Factor Analysis

Factor Analysis (FA) is a linear-Gaussian latent variable model that is closely related to probabilistic PCA. In contrast to the probabilistic PCA model, the covariance of conditional distribution of the observed variable given the latent variable is diagonal rather than isotropic[1].

This package defines a FactorAnalysis type to represent a factor analysis model, and provides a set of methods to access the properties.

The package provides a set of methods to access the properties of the factor analysis model. Let $M$ be an instance of FactorAnalysis, $d$ be the dimension of observations, and $p$ be the output dimension (i.e the dimension of the principal subspace).

StatsAPI.fitMethod
fit(FactorAnalysis, X; ...)

Perform factor analysis over the data given in a matrix X. Each column of X is an observation. This method returns an instance of FactorAnalysis.

Keyword arguments:

Let (d, n) = size(X) be respectively the input dimension and the number of observations:

  • method: The choice of methods:
    • :em: use EM version of factor analysis
    • :cm: use CM version of factor analysis (default)
  • maxoutdim: Maximum output dimension (default d-1)
  • mean: The mean vector, which can be either of:
    • 0: the input data has already been centralized
    • nothing: this function will compute the mean (default)
    • a pre-computed mean vector
  • tol: Convergence tolerance (default 1.0e-6)
  • maxiter: Maximum number of iterations (default 1000)
  • η: Variance low bound (default 1.0e-6)

Notes: This function calls facm or faem internally, depending on the choice of method.

source
Base.sizeMethod
size(M::FactorAnalysis)

Returns a tuple with values of the input dimension $d$, i.e the dimension of the observation space, and the output dimension $p$, i.e the dimension of the principal subspace.

source

Given a factor analysis model $M$, one can use it to transform observations into latent variables, as

\mathbf{z} =  \mathbf{W}^T \mathbf{\Sigma}^{-1} (\mathbf{x} - \boldsymbol{\mu})

or use it to reconstruct (approximately) the observations from latent variables, as

\tilde{\mathbf{x}} = \mathbf{\Sigma} \mathbf{W} (\mathbf{W}^T \mathbf{W})^{-1} \mathbf{z} + \boldsymbol{\mu}

Here, $\mathbf{W}$ is the factor loadings or weight matrix, $\mathbf{\Sigma} = \mathbf{\Psi} + \mathbf{W}^T \mathbf{W}$ is the covariance matrix.

The package provides methods to do so:

StatsAPI.predictMethod
predict(M::FactorAnalysis, x)

Transform observations x into latent variables. Here, x can be either a vector of length d or a matrix where each column is an observation.

source
MultivariateStats.reconstructMethod
reconstruct(M::FactorAnalysis, z)

Approximately reconstruct observations from the latent variable given in z. Here, z can be either a vector of length $p$ or a matrix where each column gives the latent variables for an observation.

source

Auxiliary functions:

MultivariateStats.faemFunction
faem(S, mean, n; ...)

Performs factor analysis using an expectation-maximization algorithm for a given sample covariance matrix S[2].

Parameters

  • S: The sample covariance matrix.
  • mean: The mean vector of original samples, which can be a vector of length $d$,

or an empty vector indicating a zero mean.

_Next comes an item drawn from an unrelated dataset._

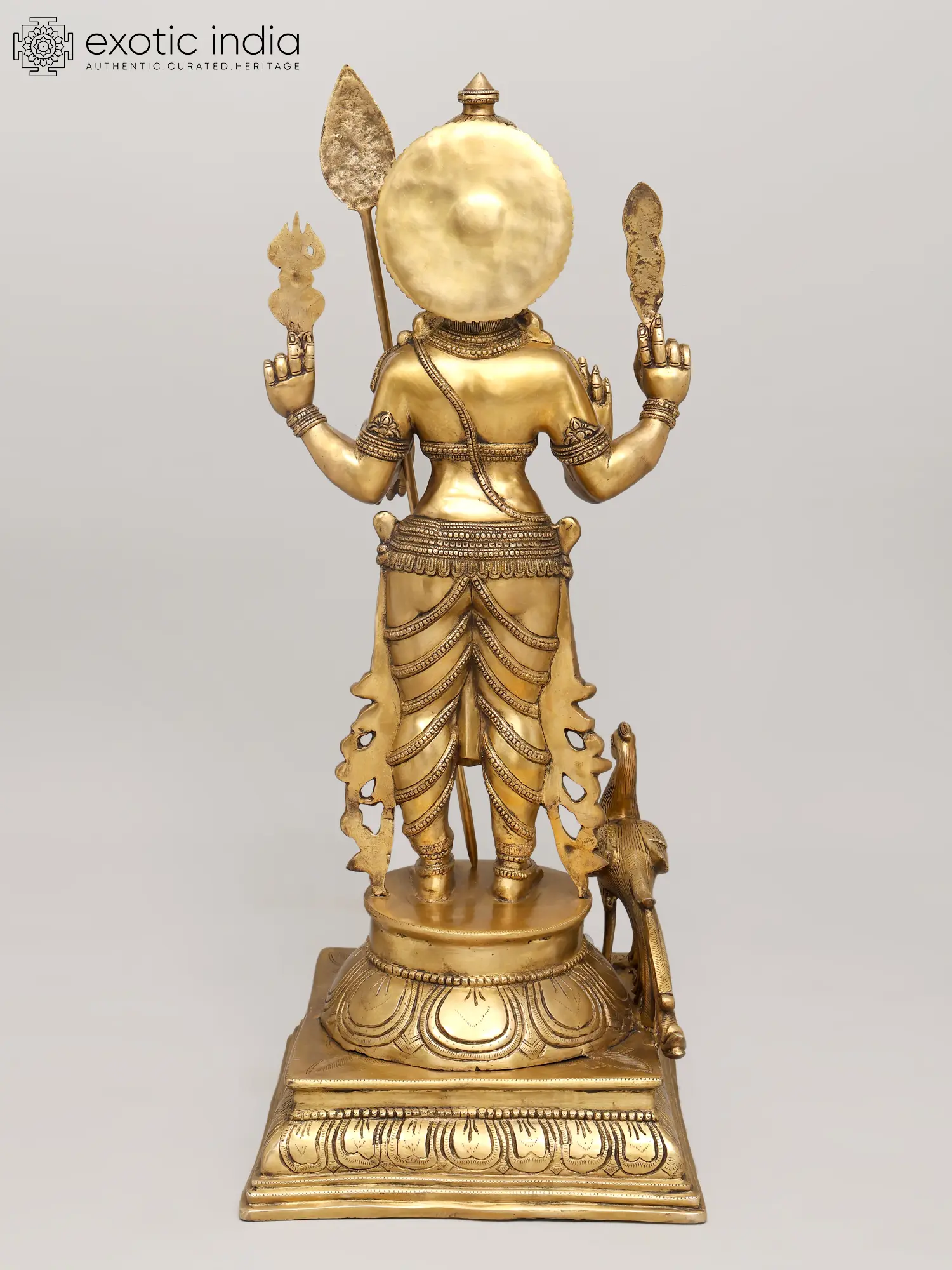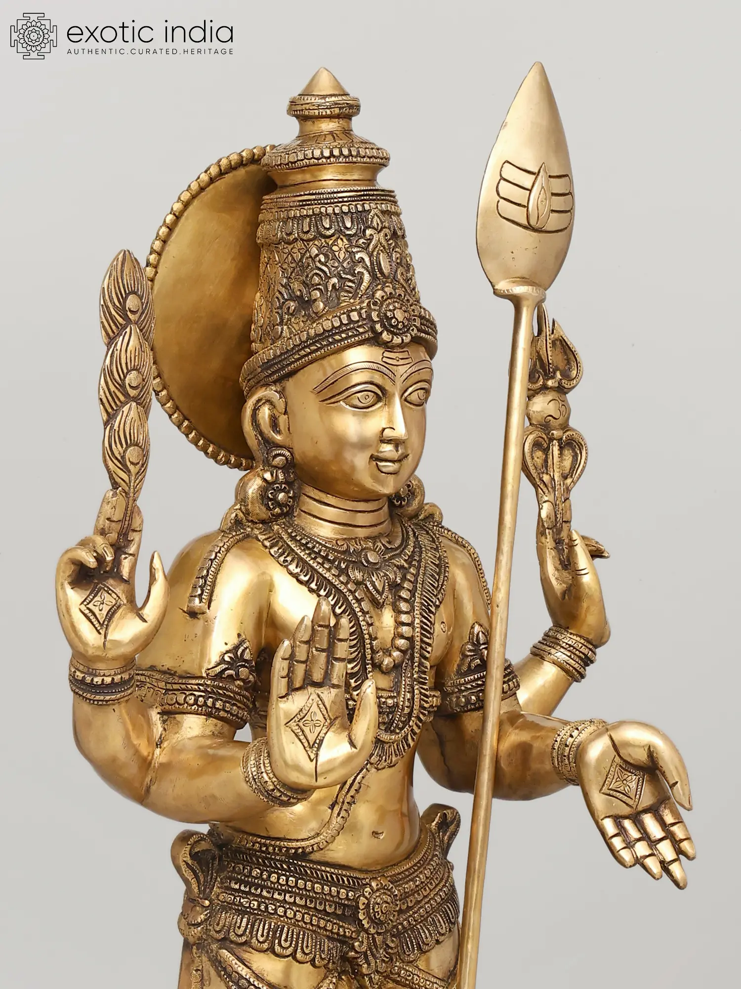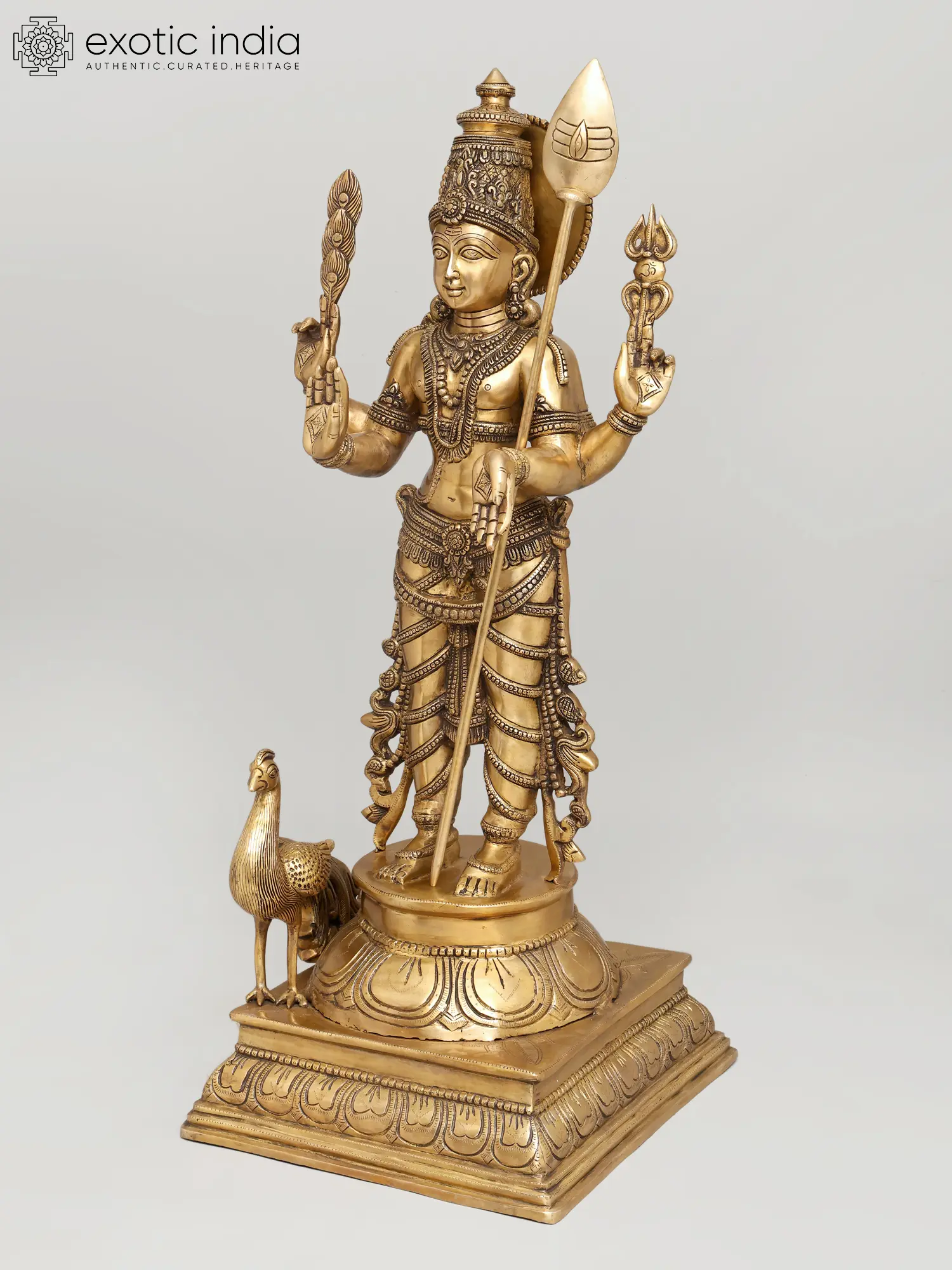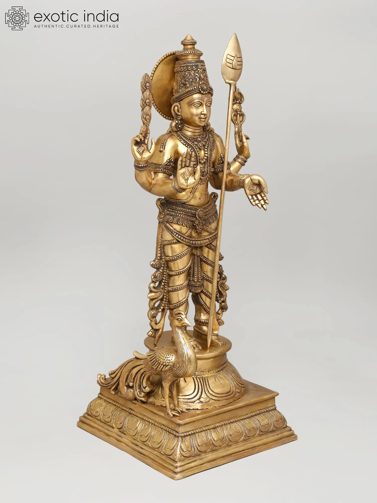 The two-tiered pedestal grounds the sculpture in ritual dignity, while the polished brass surface, softened by subtle tonal variations, enhances its sense of life. This image stands as a refined and complete expression of Murugan as Kumara, youthful, resplendent, and fully realised in divine command and grace.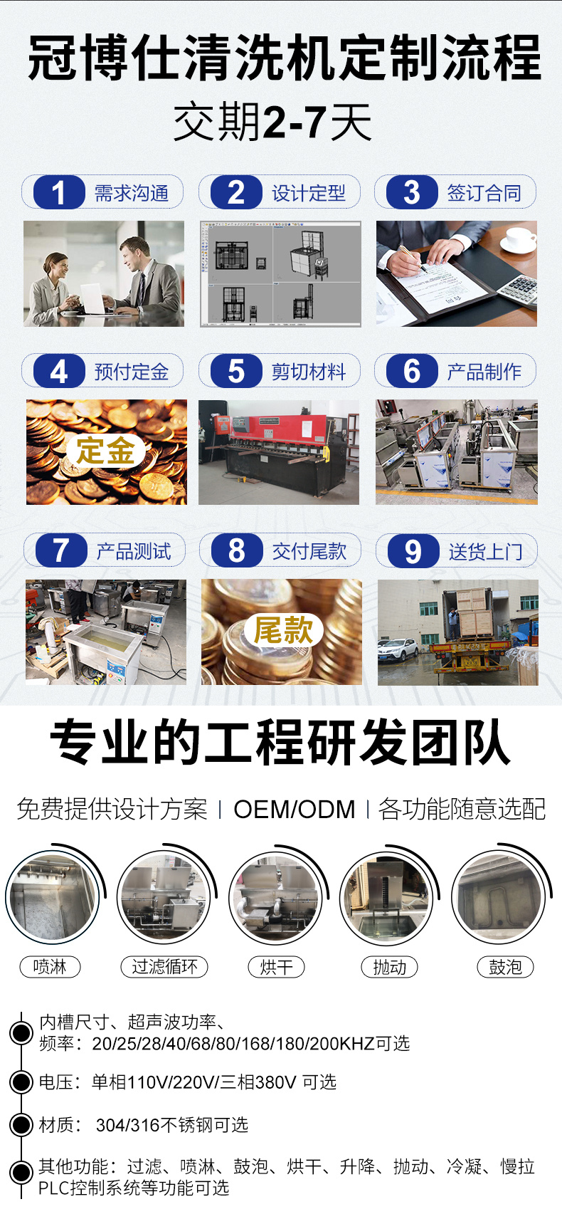 - 五槽工藝:超聲波清洗+過濾>漂洗>烘干其它等工藝可定制;

  • n: The number of observations.

Returns the resultant FactorAnalysis model.

Note: This function accepts two keyword arguments: maxoutdim,tol, and maxiter.

source
MultivariateStats.facmFunction
facm(S, mean, n; ...)

Performs factor analysis using a fast conditional maximization algorithm for a given sample covariance matrix S[3].

Parameters

  • S: The sample covariance matrix.
  • mean: The mean vector of original samples, which can be a vector of length $d$,

or an empty vector indicating a zero mean.

  • n: The number of observations.

Returns the resultant FactorAnalysis model.

Note: This function accepts two keyword arguments: maxoutdim,tol, maxiter, and η.

source

References

  • 1Bishop, C. M. Pattern Recognition and Machine Learning, 2006.
  • 2Rubin, Donald B., and Dorothy T. Thayer. EM algorithms for ML factor analysis. Psychometrika 47.1, 69-76, 1982.
  • 3Zhao, J-H., Philip LH Yu, and Qibao Jiang. ML estimation for factor analysis: EM or non-EM?. Statistics and computing 18.2, 109-123, 2008.